/GangaGSoC2020

Primary LanguagePythonGNU General Public License v3.0GPL-3.0

Challenge for Ganga projects in GSoC 2020

The challenge that forms part of the Ganga projects in GSoC is divided up into three pieces.

  1. A part that everybody should attempt that demonstrates the ability to do a basic job in Ganga and work with python
  2. A part that is related to the persistent storage project that require a demonstration of how you work with a model database from python.
  3. A part that is specific to the GUI project where you will be required to create a webserver that can demonstrate its interaction with Ganga in a simple manner.
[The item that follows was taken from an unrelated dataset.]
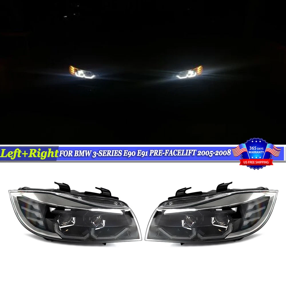 FOR BMW 3-SERIES E90 2005-2008 BLACK FRONT HEADLIGHT LED 3D CRYSTAL U-HALO LH+RH We appreciate you place an order. If you are satisfied with the item, please take a moment to reward our efforrs by leaving us a POSITIVE FEEDBACK and perfect " 5 STAR" scores. If you intend to leave a neutral or negative fe edback, please contact us firstly, so that we can satisfactorily address your concerns and rectify any issues. Specifications: Brand: MagicKit Condition: 100% Brand New Material: Polycarbonate Lens Lense Color: Clear Housing Color: Black Style: Conversion to NEW 3-Series G20 Style Bulbs Type: 3D U-Halo DRL+LED Signal Light Color: White LED Dual U-Halos & Amber LED Running / Turn Signal Lights Part Number: Replace for 63116942725;63117161665;63116942726 Placement on Vehicle: Front,Left,Right Package Size: 24.8''*24.8''*11.42'' (63*63*29cm) Package Weight: 7.79kg Fitment: Fits For 2005-2008 BMW 3-Series E90 Sedan E91 Wagon 4-Door Facelift/LCI Models. Fits Halogen Headlight Models Only Does NOT fit HID Headlight Model Vehicles Does NOT fit Vehicles with AFS Adaptive Headlights Does NOT fit Coupe / Convertible Models Doesn't fit for FACELIFT E90 E91 2009-2011 & E92 E93 M3 Models. Package Include: 1 Pair Front Headlight Assemblies (Left & Right) Installation: Installation Instruction is not included. Professional Installation Is Highly Recommended. We recommend the installation by your local repair workshop. Notes: Please allow 1-3CM differs due to manual measurement. If you are not sure whether the item fits your car,please send me some photos of your car.(the front,the side and the back) Any question please contact me freely. All questions will be replied within 1-2 business day. There might be some delay during weekends and holidays. Professional installation is highly recommended. Any damaged products due to non-professional or user error may not be returned for refund. Due to the different display and different light, the picture may not reflect the actual color of the item. Please confirm your vehicle matches the parts compatibility chart. 1. We Accept Payment Through Paypal Only. 2. The eBay members must fulfill the requirement. (PayPal verified and confirmed address; the account holder must be the receiver). 3. Please complete your payment within 2 days after the item is won. If you have difficulty completing your payment within the required time, please contact us. Non-Pay Dispute will be filed against your account after the 2 th day. 4. Our price does not include Duties, Value Added Taxes, Customs Clearance Fees, and other charges. These charges are the buyer's responsibility. Please check with your country's customs office to determine what these additional costs will be before bidding/buying. 5. The buyer needs to pay for the above fees in case that occurred for certain goods. If the parcel returns back to us due to the buyer refuse to pay those fees, we would not send the parcel again unless the buyer completes those fees and pay all the return and resend cost. The buyer can not cancel the order or request a refund due to this reason. Free Shipping with FedEx/UPS/USPS to the Mainland 48 states ONLY PO Box, AK/HI/PR and APO/FPO address will not be accepted. Package will be shipped to your eBay shipping address within 24 hours (except for weekend and public holiday) after payment is cleared. Payment cleared/received on Friday will be shipped on the next business days (Monday or Tuesday) Orders are typically shipped in 1-2 business day after payment is completed. Shipping confirmation with tracking number will be sent to your eBay email address when your order is shipped. Please note we do not ship orders on Saturdays, Sundays, and national holidays. All our items will be shipped to the address you submit, please confirm your address on before you bid or purchase. Shipping time may vary depends on your area. Delivery may be delayed due to extreme weather or special circumstances. Please wait patiently. Import duties, taxes, and charges are not included in the item price or shipping/handling price. These charges are the buyer's responsibility. Please check with your country's customs office to determine what these additional costs will be prior to bidding or buying. All items sold by us are being described to the best of our abilities, as accurate as possible, and with utmost conscientiousness on our part. However, to avoid any potential oversights, we respectfully request your assistance in helping us to make this a mutually satisfactory transaction by THOROUGHLY reviewing item description and photos, and asking all questions PRIOR TO BIDDING. We stand behind the quality of all of our products. All products are double inspected before stocking and dispatching. However, sometimes mistake may slip by and the product may get damaged during the process of delivery. If such trouble occurs to you, please take a minute to refer to the following instruction. If the package arrives at your location with obvious shipping damage (including broken envelop, empty package and etc), please refuse the shipment. If you find the item is defective after you accept the shipment, please save everything that is attached in the package, including all the documents, and contact us immediately, either through eBay message or email address. You should state your item ID, item title and what the damage is clearly in your email. And please be advised that digital photos must be attached to the email you send. And please bear in mind that you should contact us within 3 days since the day you receive the package, or it will be your own responsibility to take the lost of the defective item. Retail and wholesale products: Car Grille, Car front bumper lip, Car rear bumper diffuser lip, Car side skirts, Car rear spoiler wing, Car mirror cover cap shell, Car fog lamp grille, Car front hood cover, Car OE rep lacement parts, etc. Specifications: Brand: MagicKit Condition: 100% Brand New Material: Polycarbonate Lens Len

You are welcome to do all three parts, but if you are only interested in applying for the GUI project, you will not be disadvantaged by not attempting the one related to the persistent storage.

Setup

Following the steps below will ensure that you can work freely on your project, can submit code through pushing it to GitHub but at the same time keep it private. Please avoid making your repository public as we want each student to work on this independently.

  • Create a fork of this repository which is private in GitHub
  • Give the GitHub users egede, alexanderrichards, mesmith75 read access to your repository

For performing actual work for the challenge, we suggest something like

virtualenv -p python3 GSoC
cd GSoC/
. bin/activate
pip install -e git+https://github.com/YOUR-GITHUB-USERNAME-HERE/GangaGSoC2020#egg=gangagsoc

Through the dependency, this will install Ganga as well such that you can work with it directly inside the virtualenv.
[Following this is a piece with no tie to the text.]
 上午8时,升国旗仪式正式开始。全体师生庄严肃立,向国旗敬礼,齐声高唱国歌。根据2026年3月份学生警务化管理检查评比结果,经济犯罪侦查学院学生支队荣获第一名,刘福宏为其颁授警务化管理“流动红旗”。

Communication is an important part of working in GSoC. Please just ask by email to all/any of the developers about anything that you are in doubt about.

Completing challenge

To complete the challenge you should push everything to the master branch of your forked repository. Then please send an email to us that you have finished. In the repository, we expect

  • That the setup.py file is updated with any extra python package dependencies that you may have introduced.
  • That there is a file PROJECT.md that documents what you have done and how we can test it.
  • That you have implemented tests of the code that can be tested with pytest to illustrate that everything works as expected.
  • That anything (like interaction with GUI), that can not easily be made to work with pytest is fully explained.

Ganga initial task

As stated above everybody should attempt to complete this task

  1. Demonstrate that you can run a simple Hello World Ganga job that executes on a Local backend.
  2. Create a job in Ganga that demonstrates splitting a job into multiple pieces and then collates the results at the end.
  • Use the included file CERN.pdf.
  • In python, or through using system calls, split the pdf file into individual pages.
  • Create a job in Ganga that will count the number of occurences of the word "the" in the text of the PDF file. It should be counted whether it is capitalised or not. Make sure not to count other words with the same letters. So "The Ganga project is the best" should have a count of two, while "There is nothing here" should have a count of zero.
  • Using the ArgSplitter create subjobs that each will count the occurences for a single page.
  • Create a merger that adds up the number extracted from each page and places the total number into a file.
  • Create test cases that demonstrate what you have done and that it is working. In the test directory you will find an example of a trivial test. All tests can be executed by python -m unittest discover test "*.py", where test is the name of the directory. To make test that include Ganga objects, be inspired by tests in ganga/GangaCore/test/GPI.

Ganga persistent storage task

  1. Demonstrate that you can create a simple database where the server runs on the local machine. Demonstrate that you can read/write to the database from within python. The database backend has to be an open source solution but otherwise the choice of technology is up to you. Make sure to provide instructions on how to set up the database.
  2. Now take the Ganga Job object created in the first exercise and store this as a simple blob in the database. You might find the function full_print(j) (where j is a job object) that is available at the Ganga prompt useful for creating a full string representation of the job. Demonstrate that you can read the blob back and re-create a job object.
  3. Measure the performance of reading the blob from the database and re-create the job object a thousand times. Measure the time spent reading the blob from the database separately from the time it takes to recreate the job objects. The emphasis should be on that you can measure the times not on optimising how fast it is.

Ganga GUI task


  1. For the first part of this task we will not need to use the Ganga framework at all, you will need to show the following:
  • Ability to create a simple webserver using a python based web framework of your choosing
  • Have the webserver render dynamic content using a templating engine (e.g. jinja2)
  • Modify the server to allow updating of the content either by making it a RESTful service (with ajax requests client side) or by utilising WebSockets.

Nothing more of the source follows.